EXERCISE DIRECTIONS
Shown below is a listing with pictures; reproduce exactly, and only, the lines between the ones containing "than last year." and "iPhone 5 ケース,iPhone", inclusive, leaving the pictures out.

INFORMATION SHOWN

★ ★ ★ ★

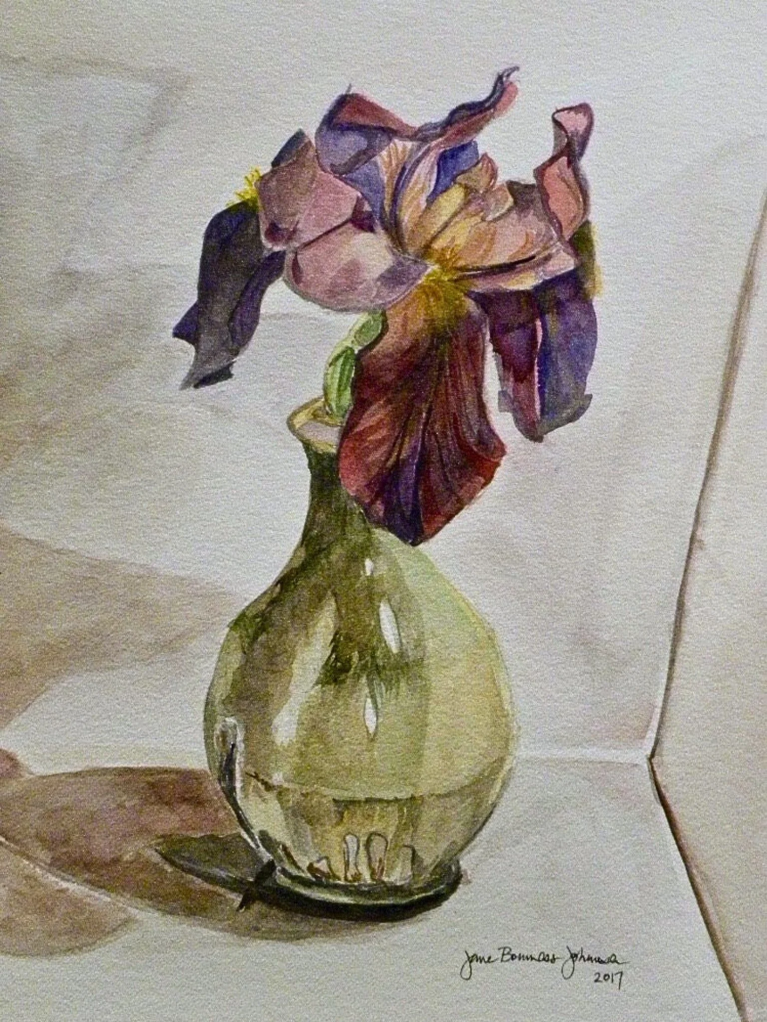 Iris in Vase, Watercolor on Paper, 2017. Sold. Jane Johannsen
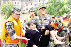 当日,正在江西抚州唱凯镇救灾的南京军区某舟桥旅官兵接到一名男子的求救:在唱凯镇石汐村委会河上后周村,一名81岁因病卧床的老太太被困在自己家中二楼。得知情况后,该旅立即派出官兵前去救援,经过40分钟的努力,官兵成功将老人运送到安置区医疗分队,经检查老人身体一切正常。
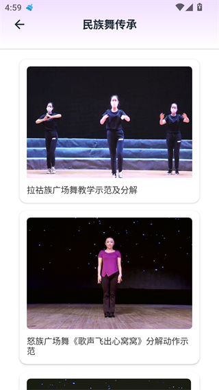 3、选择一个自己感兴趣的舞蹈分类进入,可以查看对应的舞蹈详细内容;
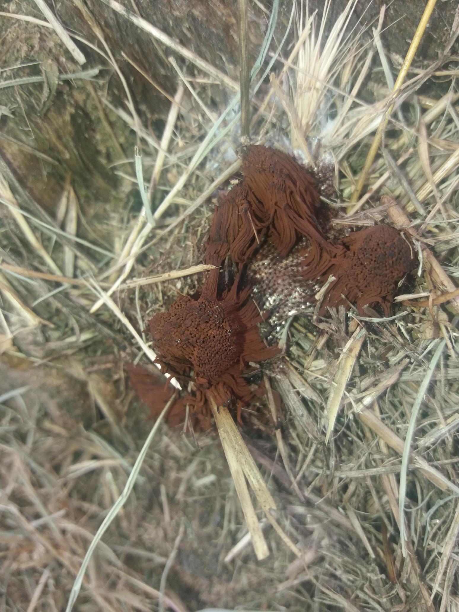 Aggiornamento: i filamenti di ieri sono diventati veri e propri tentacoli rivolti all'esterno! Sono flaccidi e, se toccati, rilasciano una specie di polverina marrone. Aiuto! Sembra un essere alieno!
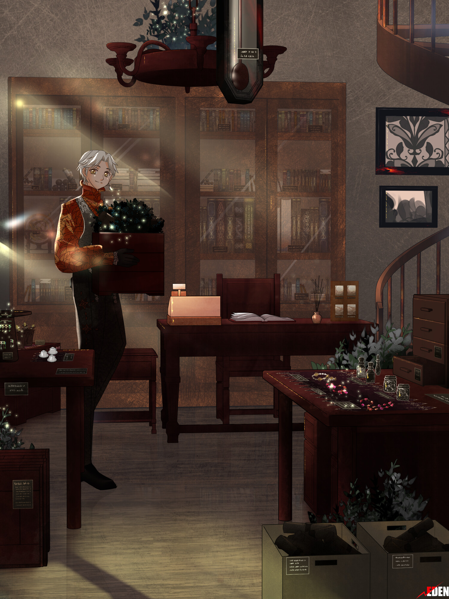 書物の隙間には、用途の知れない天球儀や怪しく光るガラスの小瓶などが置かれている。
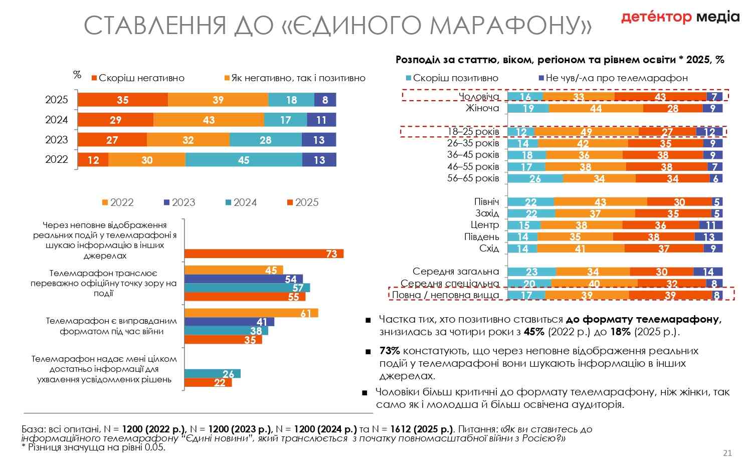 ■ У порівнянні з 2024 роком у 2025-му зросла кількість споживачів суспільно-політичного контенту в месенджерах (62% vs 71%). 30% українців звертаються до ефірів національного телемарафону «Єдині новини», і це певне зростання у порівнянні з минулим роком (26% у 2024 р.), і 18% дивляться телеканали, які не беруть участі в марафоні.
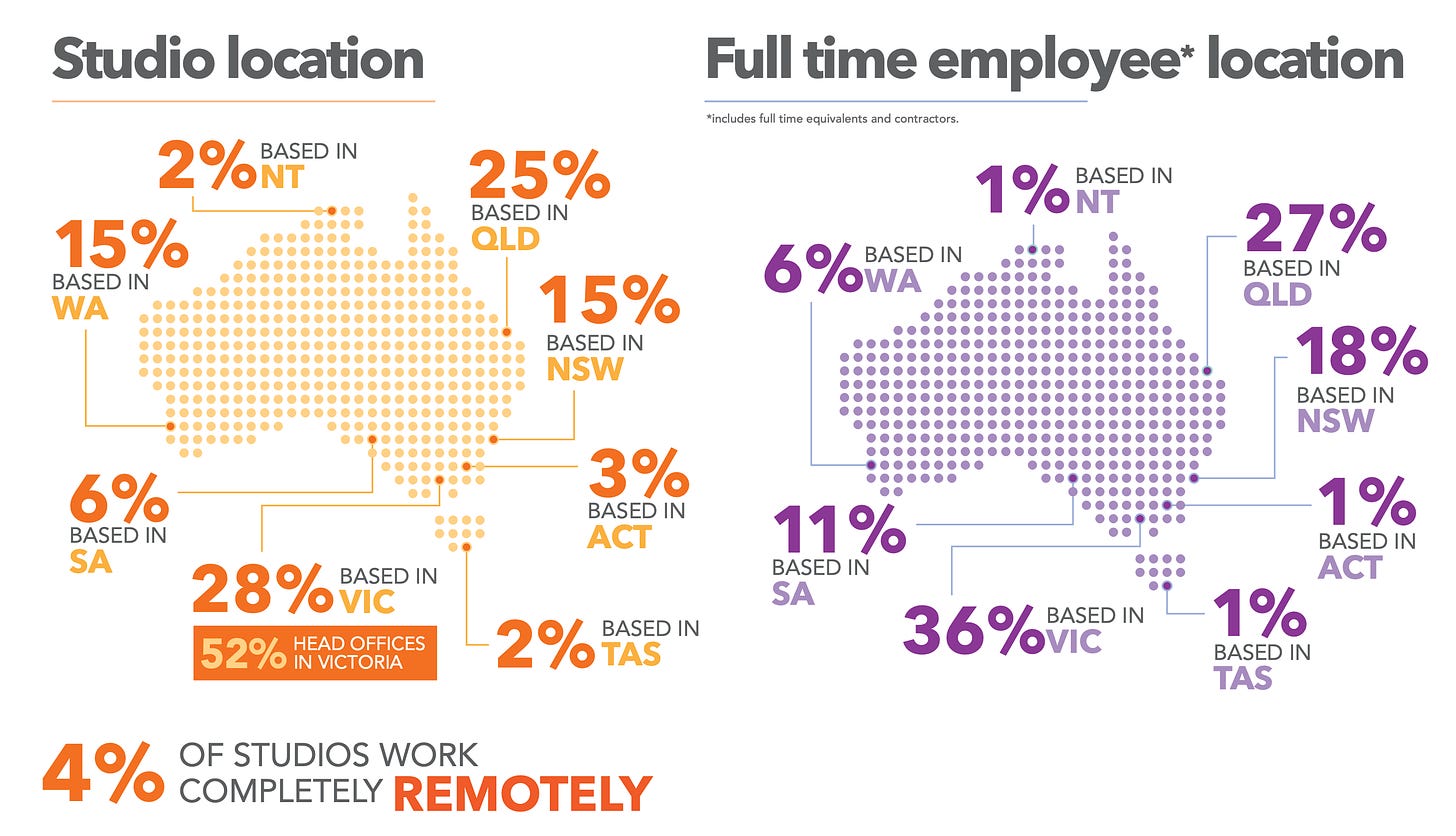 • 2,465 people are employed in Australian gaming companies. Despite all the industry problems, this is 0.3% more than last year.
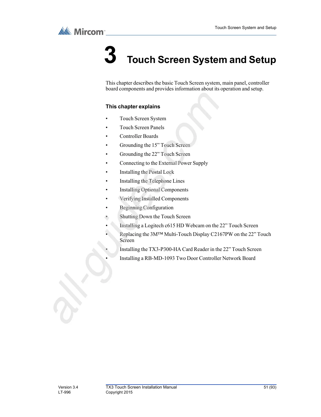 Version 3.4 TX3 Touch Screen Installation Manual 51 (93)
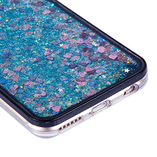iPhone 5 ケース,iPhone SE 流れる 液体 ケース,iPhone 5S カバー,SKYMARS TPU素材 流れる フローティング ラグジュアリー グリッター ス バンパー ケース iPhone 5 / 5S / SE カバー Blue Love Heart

★ ★ ★ ★

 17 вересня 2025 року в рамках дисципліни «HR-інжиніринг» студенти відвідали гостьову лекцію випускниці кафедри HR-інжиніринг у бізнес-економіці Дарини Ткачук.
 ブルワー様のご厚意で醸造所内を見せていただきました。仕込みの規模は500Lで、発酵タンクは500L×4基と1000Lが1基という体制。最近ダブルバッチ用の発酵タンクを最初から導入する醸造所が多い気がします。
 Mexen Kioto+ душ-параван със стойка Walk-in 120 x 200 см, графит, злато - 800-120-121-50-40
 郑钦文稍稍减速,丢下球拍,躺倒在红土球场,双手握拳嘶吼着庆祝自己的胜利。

★ ★ ★ ★

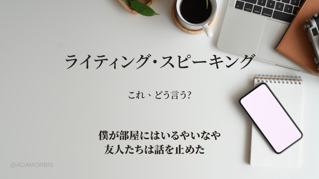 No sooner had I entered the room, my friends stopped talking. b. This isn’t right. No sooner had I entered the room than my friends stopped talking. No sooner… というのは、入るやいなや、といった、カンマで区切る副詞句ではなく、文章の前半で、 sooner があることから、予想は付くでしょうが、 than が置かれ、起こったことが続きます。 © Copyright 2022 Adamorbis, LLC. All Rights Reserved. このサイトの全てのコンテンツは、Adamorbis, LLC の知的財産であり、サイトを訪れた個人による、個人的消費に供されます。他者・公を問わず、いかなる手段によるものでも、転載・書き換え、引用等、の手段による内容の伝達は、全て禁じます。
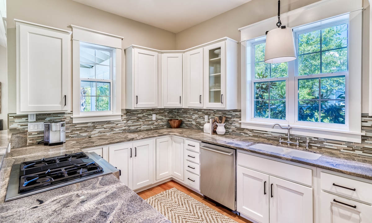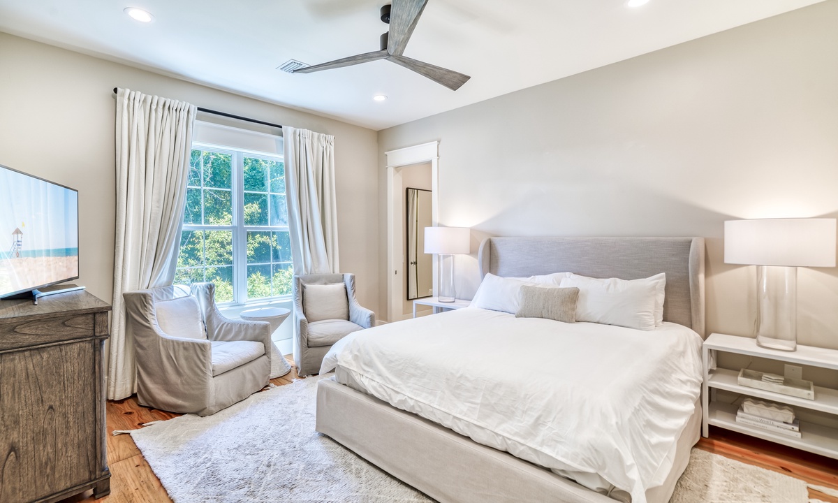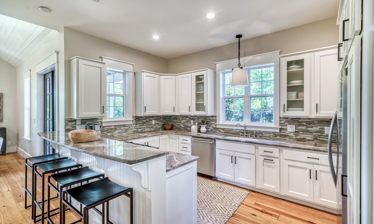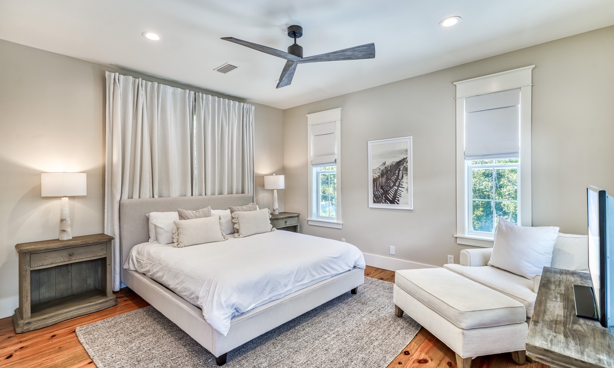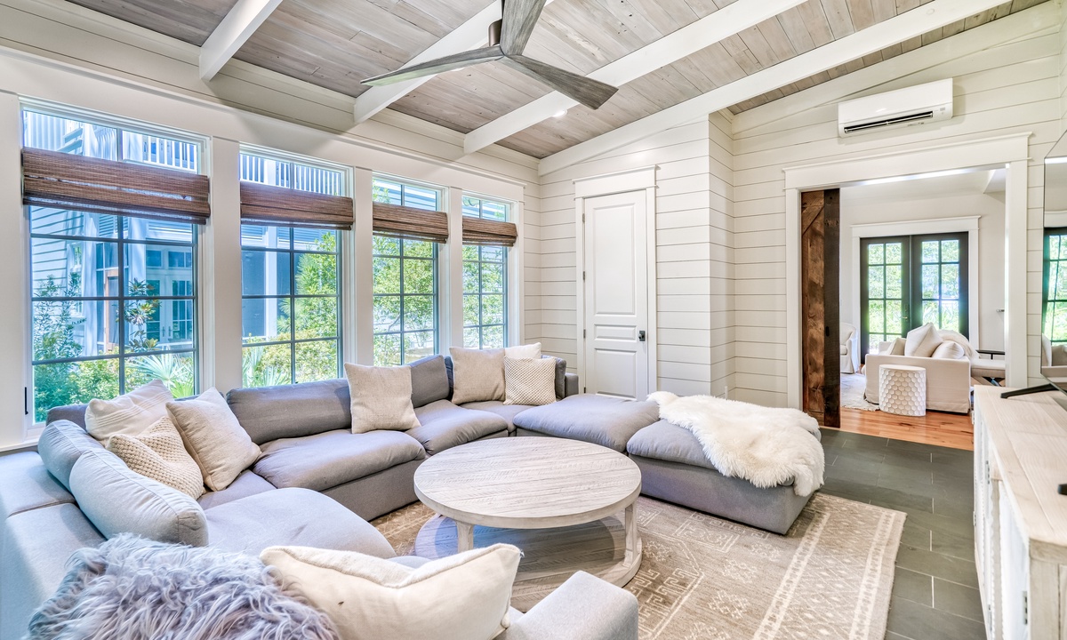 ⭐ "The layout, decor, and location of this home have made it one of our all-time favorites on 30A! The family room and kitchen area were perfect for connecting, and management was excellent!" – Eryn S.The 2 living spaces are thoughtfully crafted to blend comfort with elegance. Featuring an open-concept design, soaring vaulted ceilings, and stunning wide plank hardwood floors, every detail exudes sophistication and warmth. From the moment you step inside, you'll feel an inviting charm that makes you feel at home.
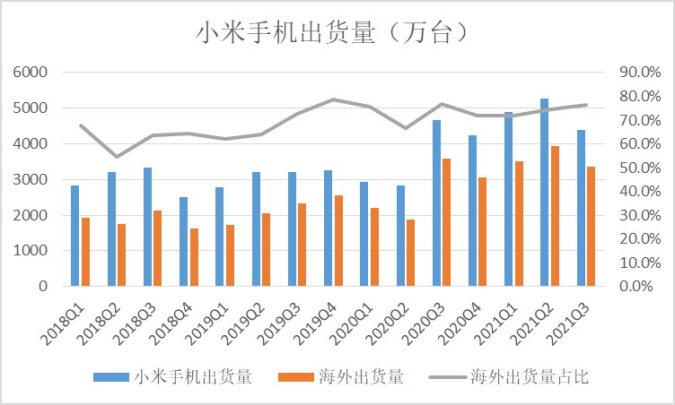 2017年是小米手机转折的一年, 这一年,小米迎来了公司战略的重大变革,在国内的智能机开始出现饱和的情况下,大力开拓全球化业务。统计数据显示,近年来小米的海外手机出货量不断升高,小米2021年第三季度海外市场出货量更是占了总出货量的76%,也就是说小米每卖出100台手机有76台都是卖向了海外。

★ ★ ★ ★

EXERCISE RESPONSE
 • 2,465 people are employed in Australian gaming companies. Despite all the industry problems, this is 0.3% more than last year.
 Version 3.4 TX3 Touch Screen Installation Manual 51 (93)
iPhone 5 ケース,iPhone SE 流れる 液体 ケース,iPhone 5S カバー,SKYMARS TPU素材 流れる フローティング ラグジュアリー グリッター ス バンパー ケース iPhone 5 / 5S / SE カバー Blue Love Heart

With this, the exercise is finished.